The Sibillini Alps are a wild place draped around the Piano Grande – a gigantic meadow, 16km square, with high peaks on all sides. From May to July it is carpeted with reds, yellows, oranges and purples from poppies and other wild flowers, and the crocuses and lentils grown by the mountain villagers. It’s poetic, sublime, an impressionist painting in nature; it’s every travel cliché you’ve read”
In 2005 the New York Times also wrote a similar lengthy article about Le Marche being a new Tuscany. See how it waxed lyrical about the region…..
“Seasoned travelers have begun casting about elsewhere for that authentic experience. …people are heading to the calf of Italy’s boot, to Le Marche, a small, diverse province rising from the Adriatic Sea to the 6,000-foot peaks of the Apennines.

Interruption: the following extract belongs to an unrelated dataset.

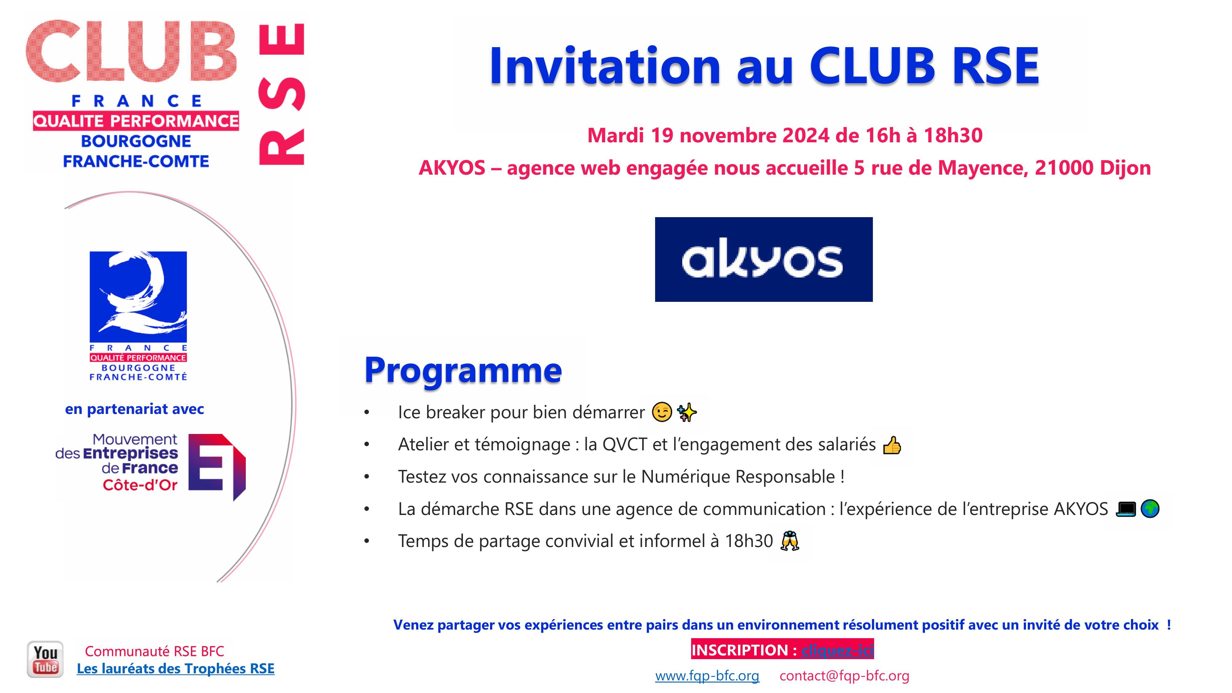 En partenariat avec le MEDEF 21, FQP BFC vous invite au prochain Club RSE

In between lies a Tuscan-like rumple of lavender fields, sunflower fields and vineyards spread across hills that hump off toward every horizon like a patchwork quilt on an unmade bed. In 2003, according to the Italian National Institute of Statistics, Le Marche had just 7 percent as many visits by foreigners as Tuscany”
A unique Le Marche experience
The years since these articles have seen a steady rise in the number of tourists to Le Marche but most holiday makers still remark on the slow pace of life and the lack of crowds and traffic when compared to Toscana.
For those intrepid visitors who stray east of Tuscany region on the Italian map and find Le Marche, many comment on the wonderful value for money and the friendliness of the locals and of a landscape and people unscathed by the ravages of modern life, consumerism and mass tourism.
Localism Le Marche style
The Marchigiani are a people with a strong sense of “campanilsmo” or loyalty to customs and cultures, they rarely move away from the area and their bonds with the land (many are still farmers or have small-holdings). Look at the objectives of the burgeoning transition town movement and you will find that these attributes have always existed here.
The community keep things local, they share skills and food and commune on the daily passegiata or when chattering in the bar. Most inhabitants shop locally to keep money flowing through the small communities and there is a focus on self-sufficiency and the provenance of food.
In fact, if you go into a butchers, they will often be able to tell you where and when the animal was slaughtered and on which farm it was reared.
The Le Marche focus on tradition has often been at the expense of change and whilst this has affected the promotion of travel and tourism to the area, it has thankfully meant that the Marche region has not slavishly followed trends and the visitor has a unique and different experience in every village.
The Marche region like Tuscany has seen its share of war and hardship and the local people appreciate their new found tranquility, this peace and the harmony with nature lends the locals a certain spirituality and allows them to stop and chat away from the avaricious demands of our modern age.
The New York Times article goes on to say:
Wandering through these towns, barely mentioned in any guidebook, becomes a highlight of the trip, with the midmorning torpor of their tidy town squares, the proud butcher shops hung with homemade salami, the deliciously crooked little streets that lead nowhere that we’re headed – and so we take them.
In every town, matrons in headscarves and support hose and cardigans waddle up the cobbles with grocery bags, as if they’re leaving central casting instead of the negozio di alimentari. Surprised by visitors, they return our smiles with smiles, and a “Salve!”